Exercise details: Quote from the first line below through the line that contains "Red Jade Necklace", both included, and leave the pictures out.

Listed entries:
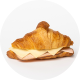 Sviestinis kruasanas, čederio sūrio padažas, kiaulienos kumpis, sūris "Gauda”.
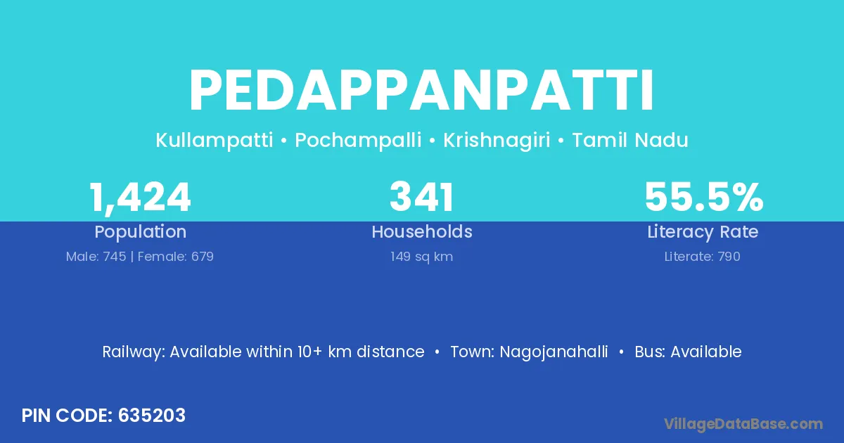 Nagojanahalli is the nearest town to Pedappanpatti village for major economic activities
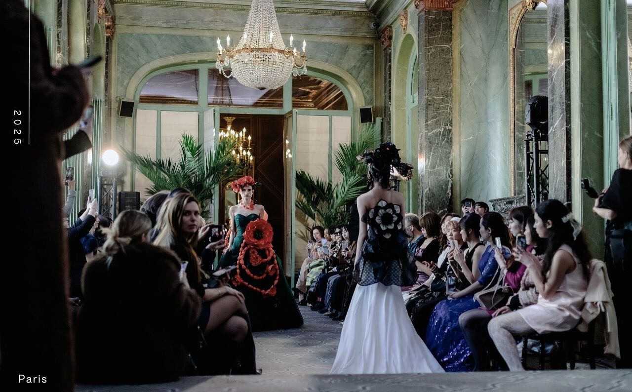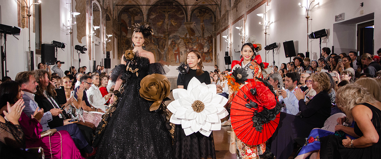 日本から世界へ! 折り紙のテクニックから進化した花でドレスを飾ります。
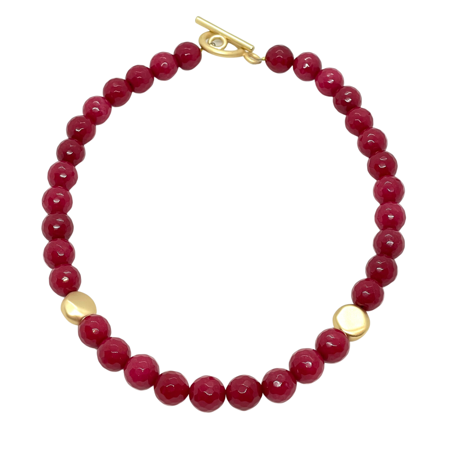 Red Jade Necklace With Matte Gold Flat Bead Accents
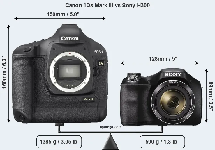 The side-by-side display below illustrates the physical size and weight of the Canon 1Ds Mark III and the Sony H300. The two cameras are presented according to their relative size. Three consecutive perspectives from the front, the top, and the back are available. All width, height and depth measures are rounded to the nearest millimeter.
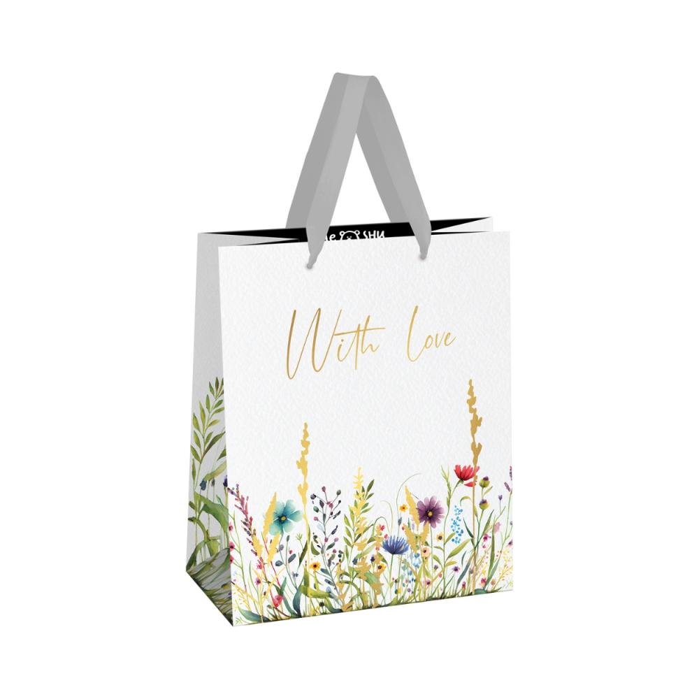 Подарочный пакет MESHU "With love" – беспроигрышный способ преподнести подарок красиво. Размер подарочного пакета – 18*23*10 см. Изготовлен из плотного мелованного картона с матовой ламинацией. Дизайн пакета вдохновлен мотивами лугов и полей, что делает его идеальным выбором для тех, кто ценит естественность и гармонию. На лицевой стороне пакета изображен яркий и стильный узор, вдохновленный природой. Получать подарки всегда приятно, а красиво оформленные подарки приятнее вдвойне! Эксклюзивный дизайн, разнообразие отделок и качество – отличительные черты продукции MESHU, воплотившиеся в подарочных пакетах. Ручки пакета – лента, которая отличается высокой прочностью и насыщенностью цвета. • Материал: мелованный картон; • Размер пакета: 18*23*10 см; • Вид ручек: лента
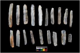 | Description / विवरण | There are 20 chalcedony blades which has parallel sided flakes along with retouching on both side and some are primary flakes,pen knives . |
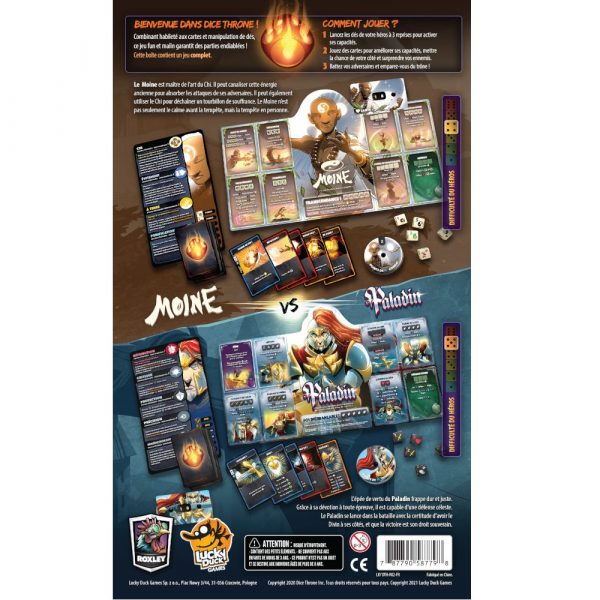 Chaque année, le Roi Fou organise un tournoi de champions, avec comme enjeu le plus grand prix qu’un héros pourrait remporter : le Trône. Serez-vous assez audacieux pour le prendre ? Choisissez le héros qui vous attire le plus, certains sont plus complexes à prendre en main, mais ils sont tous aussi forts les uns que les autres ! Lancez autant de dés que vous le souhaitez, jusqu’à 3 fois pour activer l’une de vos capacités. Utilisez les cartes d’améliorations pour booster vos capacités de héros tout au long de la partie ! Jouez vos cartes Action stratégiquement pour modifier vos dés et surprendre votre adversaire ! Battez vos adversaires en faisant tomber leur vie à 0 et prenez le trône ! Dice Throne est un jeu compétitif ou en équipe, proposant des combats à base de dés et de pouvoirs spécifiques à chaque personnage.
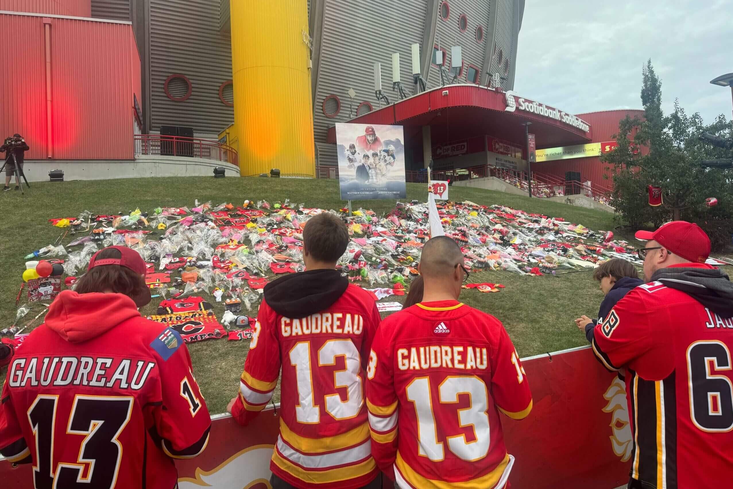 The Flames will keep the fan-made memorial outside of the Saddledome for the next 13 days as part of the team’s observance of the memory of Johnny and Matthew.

Result of this task:
 Sviestinis kruasanas, čederio sūrio padažas, kiaulienos kumpis, sūris "Gauda”.
 Nagojanahalli is the nearest town to Pedappanpatti village for major economic activities
 日本から世界へ! 折り紙のテクニックから進化した花でドレスを飾ります。
 Red Jade Necklace With Matte Gold Flat Bead Accents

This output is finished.